The entire process is the equivalent of completing yearly tax returns. Even the video explanation mentioned that there are excel sheets (like Quicken for taxes) that help make this process more bearable. I do not believe him. On the bright side, Life Modules could be repurposed as practice tests for accountants! So, in the end you are finally left with a new character with a just a smattering of additional XP compared to the Point Buy method, and now ready for play!

While investigating this process of character creation I wondered why the creators did not take some inspiration from Shadowrun by utilizing a priorities system of character creation. That method combined with something like D&D 5e backgrounds could have accomplished the same goal in far less time.

So let us talk about the Elephant-Mech in the room

Here is the rub, my lovelies. When I think about this setting, there is no reason to play as anything but a MechWarrior. Every facet of this fictional universe revolves around giant robot fights.
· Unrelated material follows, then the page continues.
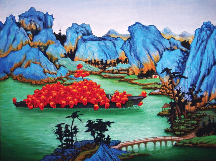 Il suo obiettivo è quello di farsi capire con un linguaggio universale, dialogare con l’umanità intera, quindi spesso egli inserisce simboli cinesi e occidentali, mescolando il surrealismo agli elementi pop.

Are there two nobles houses resolving a trade dispute? Giant robot fight! Mercenaries looking to occupy a new territory? Giant robot fight! Did your roommate not pay their half of the electric bill? Giant robot fight!

A dear friend of mine compared the setting of BattleTech as Game of Thrones meet Pokémon. The setting contains a backdrop of political intrigue wherein everyone runs around essentially pocketing, fighting with, and collecting giant robots. Also, like Pokémon, there seems only ample reason to battle anyone at a moment’s notice. So why in this setting would you want to play as infantry cannon fodder, a super spy, or a master of diplomacy if the most exciting aspect of this setting will forever be on the giant robot battlefield? The thrill lies in being the MechWarrior, not the mechanic.
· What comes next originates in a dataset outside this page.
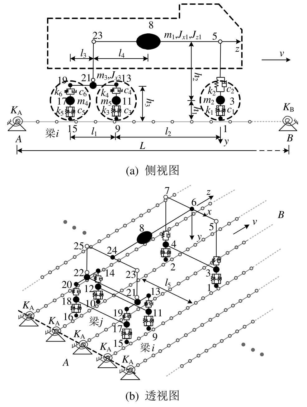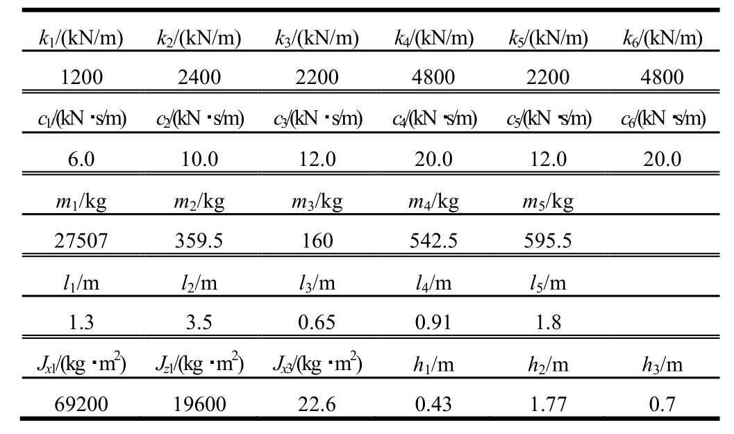 车辆模型为典型的三轴载重汽车[15],该模型由37个单元组成,其中与桥面接触的6个单元代表轮胎,采用分布式弹簧—阻尼(DSD)单元,可以模拟车辆通过伸缩缝时的跳车情况,其余分别为普通弹簧-阻尼单元(6个)、集中质量单元(9个)、刚性梁单元(16个),计算参数见表1。

Despite what you may think, I really admire the BattleTech setting. There is so much to like!

The Good

BattleTech A Time of War encapsulates everything that people love about the setting. It does its homework and attempts to try something new by marrying the mechanics of the war game with that of an RPG. In this way, a player could just as easily “roll” in and out of the cockpit.

The Bad

On the flipside, the design of the mechanics is also its greatest weakness. Even the smallest combat outside of the Mech is a painstakingly long affair. Additionally, this setting is not a welcoming one to any newcomer. BattleTech is lore heavy, and can easily overwhelm any person not in the know.

Overall

Much a like a Mech, BattleTech A Time of War is top-heavy, disproportioned, and unwieldy. If you LOVE BattleTech, especially the table top wargame… this was made for you. In fact I encourage anyone who is interested in tactical combat to try Battletech Alpha Strike, so you can see why this series is so beloved.

For anyone who wants to try a TTRPG setting with a Mech based theme, I recommend either Rifts (Savage Worlds), or Lancer. Additionally, if you want to get the feel of the setting without all of the accounting, there is a wonderful adaptation of BattleTech created by Harebrained Schemes.